Although we do not know whether a similar mechanism of antisense inhibition normally operates in the host cell to function in gene regulation, recent evidence indicates that expression of natural antisense RNA to normal gene transcripts may be a common occurrence (9
). Although most mRNAs probably do not traffic down the Crm1 pathway used by Rev and the RRE, this pathway has been reported to be utilized by some mRNAs (35
). Thus, it is possible that mechanisms similar to the one we have described are utilized to regulate expression of cellular mRNAs.

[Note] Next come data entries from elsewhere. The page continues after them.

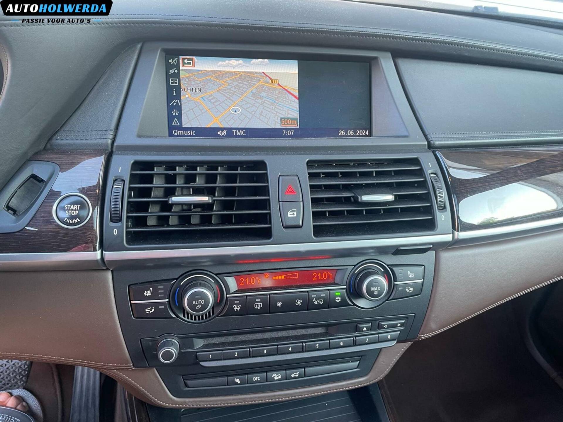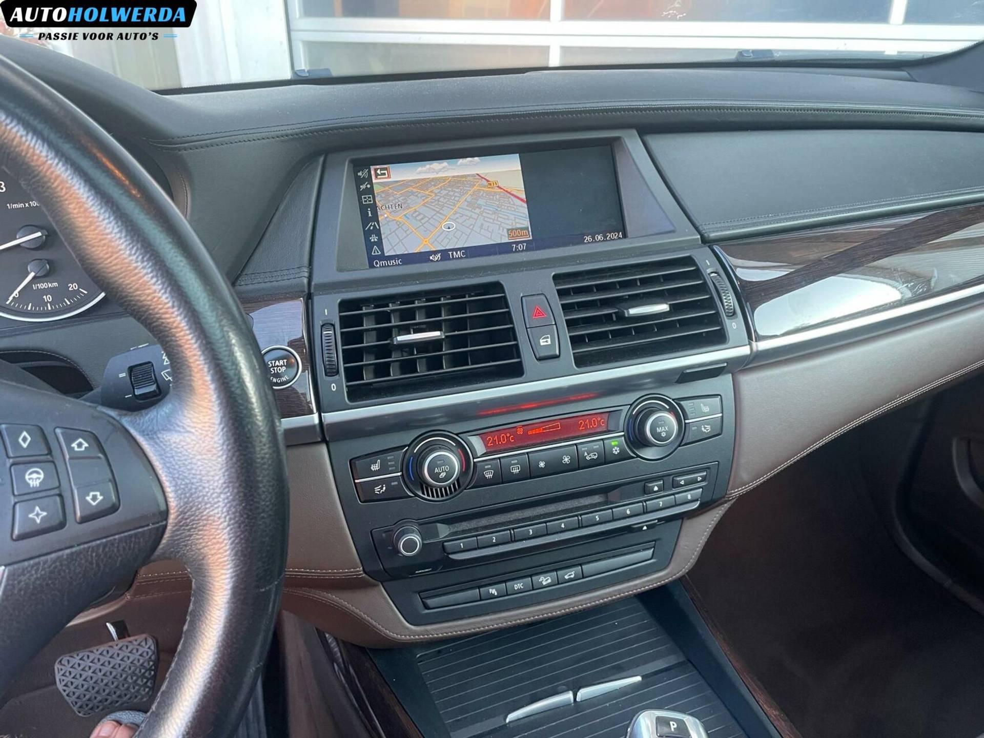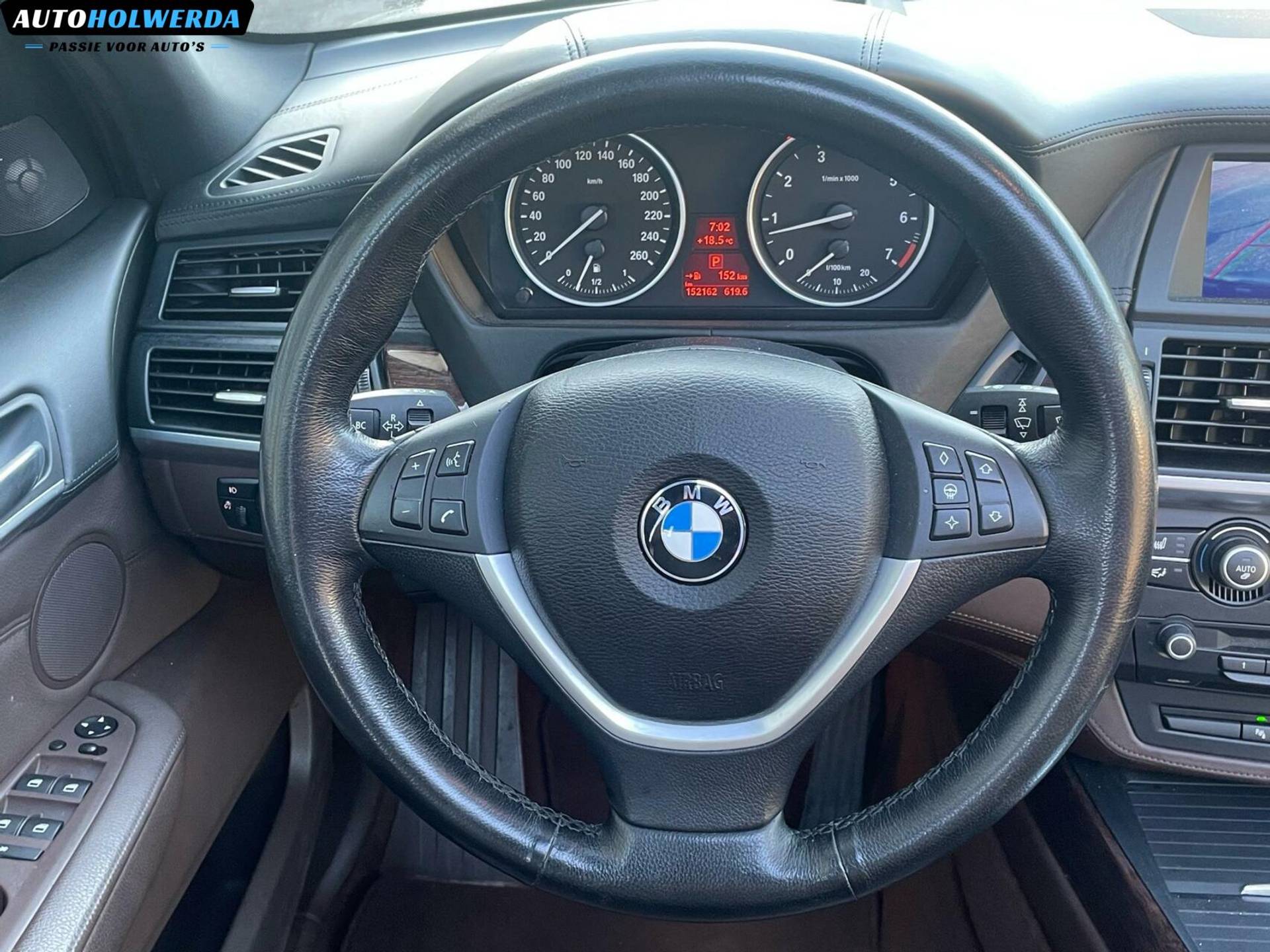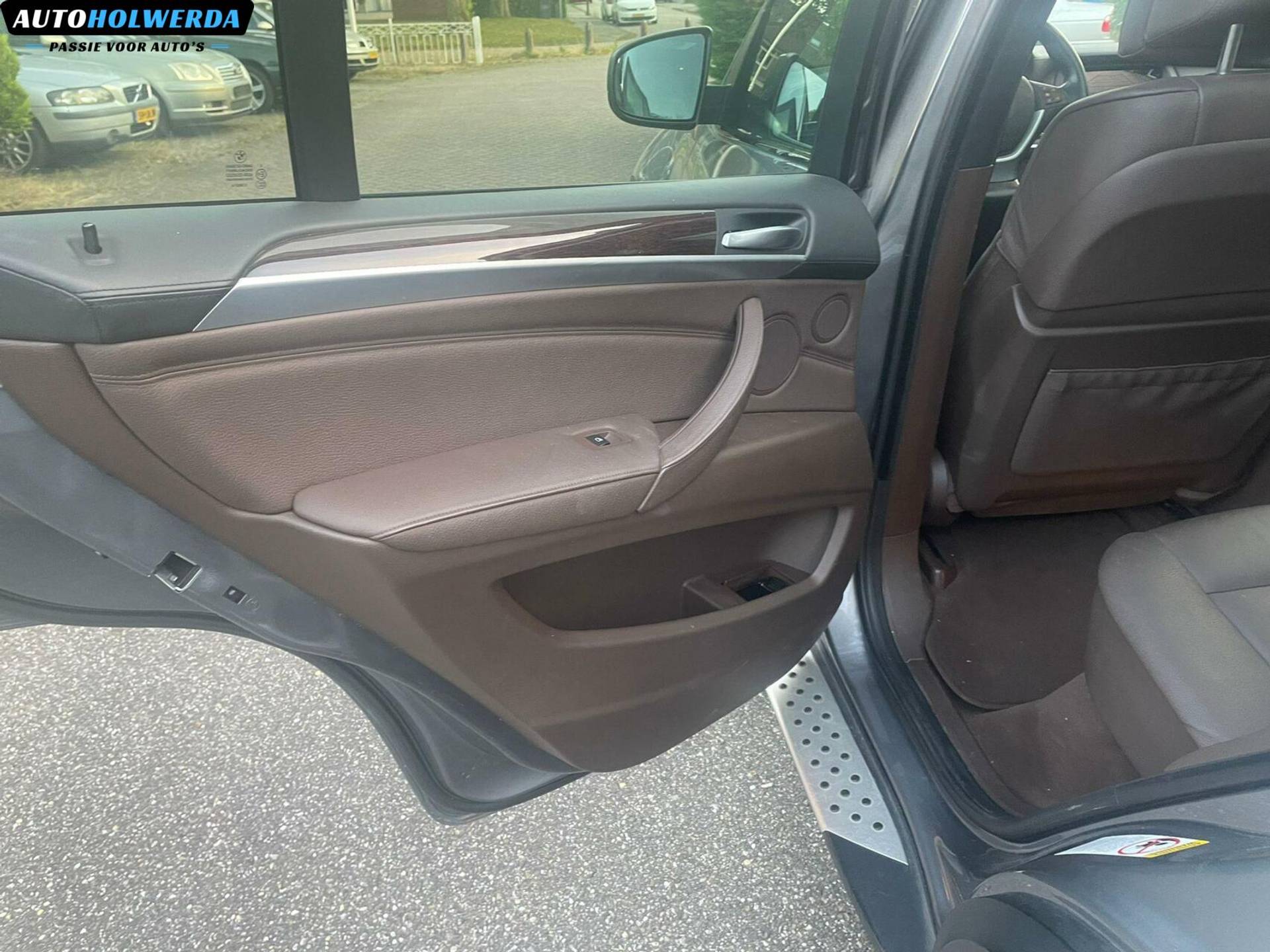 Van buiten is dit exemplaar voorzien van de 20 inch lichtmetalen velgen en Sportpakket. Voor de kleur is er gekozen voor de fraaie Space Grau kleur, deze laat de prachtige lijnen van de carrosserie mooi zien. Van binnen is er gekozen voor een mooi donker bruin lederen interieur en uitgebreid leerpakket, bovenkant van deurpanelen in leer en dashboard is met leder bekleed. Wat je niet vaak ziet op de BMW X5.
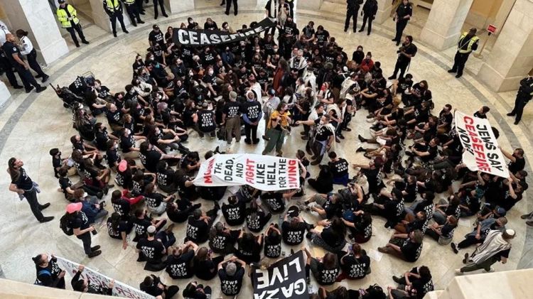 ABD’nin başkenti Washington’daki Kongre binasında ABD ve İsrail’in İran’a yönelik saldırılarına karşı yapılan protesto gösterisinde çok sayıda kişi gözaltına alındı.
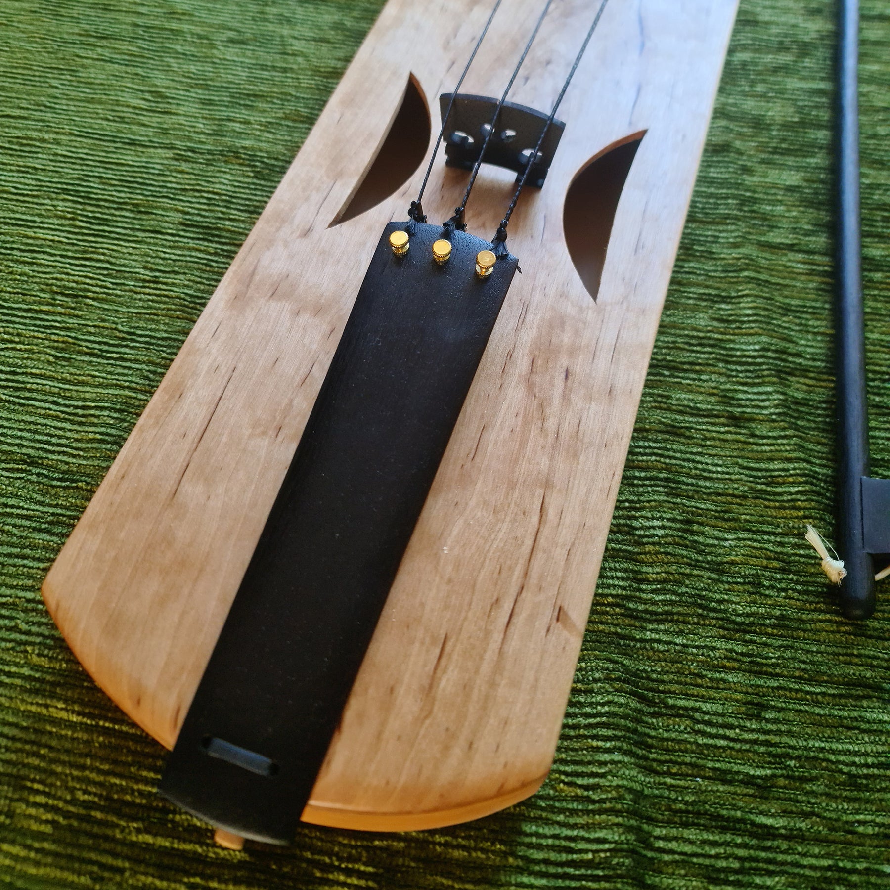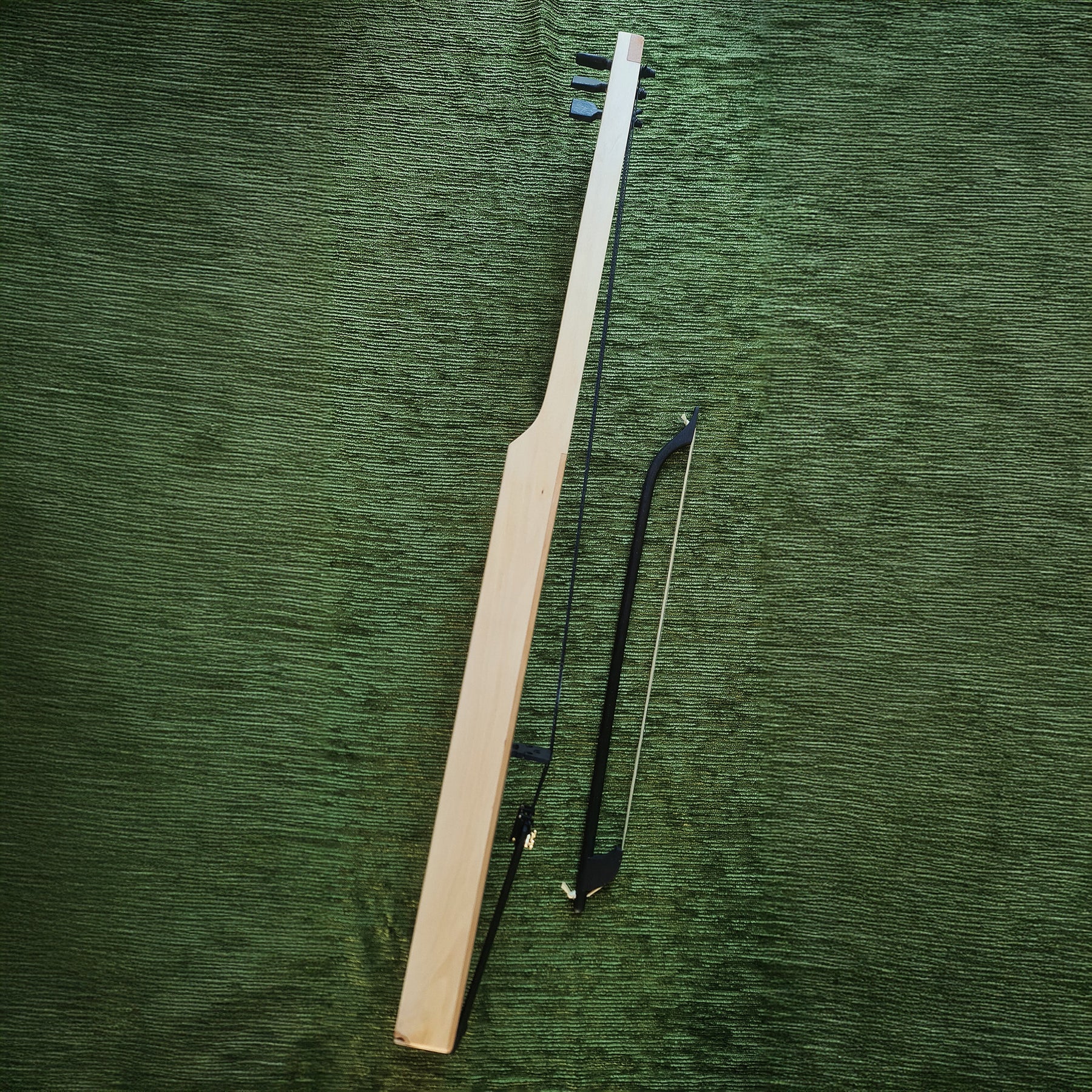 A hand-applied shellac finish protects the wood while enhancing its natural beauty, giving the instrument a warm, understated elegance. The internal construction features a built-in support bar and soundpost, carefully positioned to enrich the low frequencies and add definition, resulting in a dark, resonant tone with clear articulation. The set includes a well-crafted bow made from ebonized ash with natural horsehair.

In the case of cellular, as well as viral mRNA, it has been shown that regions of double-stranded RNA, resulting from the presence of inverted sequences in the RNA or association with antisense RNA, are subject to deamination by ADAR, leading to multiple inosines in the RNA (1
). Such RNAs are normally retained in the nucleus through interaction with nuclear matrix proteins and eventually degraded (36
). However, a previous study using the Xenopus
oocyte export model showed that edited RNA was exported to the cytoplasm if the RNA contained an RRE and Rev was provided in trans
). In addition, a previous study by Lu et al. using a lentivirus antisense vector reported that HIV-1 RNA recovered from cells expressing antisense RNA showed multiple mutations in the antisense target region of the HIV-1 genome that were consistent with ADAR activity (42
). These results suggest that at least some of the genomic RNA, which was complexed with antisense RNA and edited as a result of formation of dsRNA, was eventually exported to the cytoplasm and packaged. Therefore, it seems possible that editing activity plays a role in antisense inhibition. It also follows that naturally occurring antisense could help provide retroviruses with an additional pathway for sequence diversification.
However, to date, reverse transcription-PCR sequencing of cytoplasmic RNA in cells transfected with proviral clones and plasmids expressing antisense RNA has failed to detect any mutations indicating ADAR editing (data not shown). Thus, we do not believe that editing is directly connected to the reduced protein levels we observe. Also, the target region is downstream of the GagPol ORF, and mutations in the target region, the 3′ untranslated region, will thus not affect the GagPol protein per se. However, editing of even a small amount of the RNA could potentially lead to the production of miRNA from the antisense RNA (52
). Inhibition by a miRNA-mediated mechanism would be consistent with the efficient inhibition we observe, and miRNA often exerts its effect at the translation level (55
Irrespective of the mechanism utilized for antisense inhibition, our results are of importance for future development in the gene therapy field. The data suggest that it will be advantageous to ensure that any long antisense RNA designed to combat HIV-1 contains the RRE to allow trafficking along the Rev/RRE pathway, since this will likely significantly increase the efficiency of antisense inhibition. Our data also show that an RRE-driven antisense RNA, in combination with Rev, is able to efficiently inhibit a target that utilizes the CTE pathway. This raises the possibility that Rev/RRE trafficking of antisense RNA could also be exploited to make antisense RNA inhibition more efficient for non-HIV-1 applications.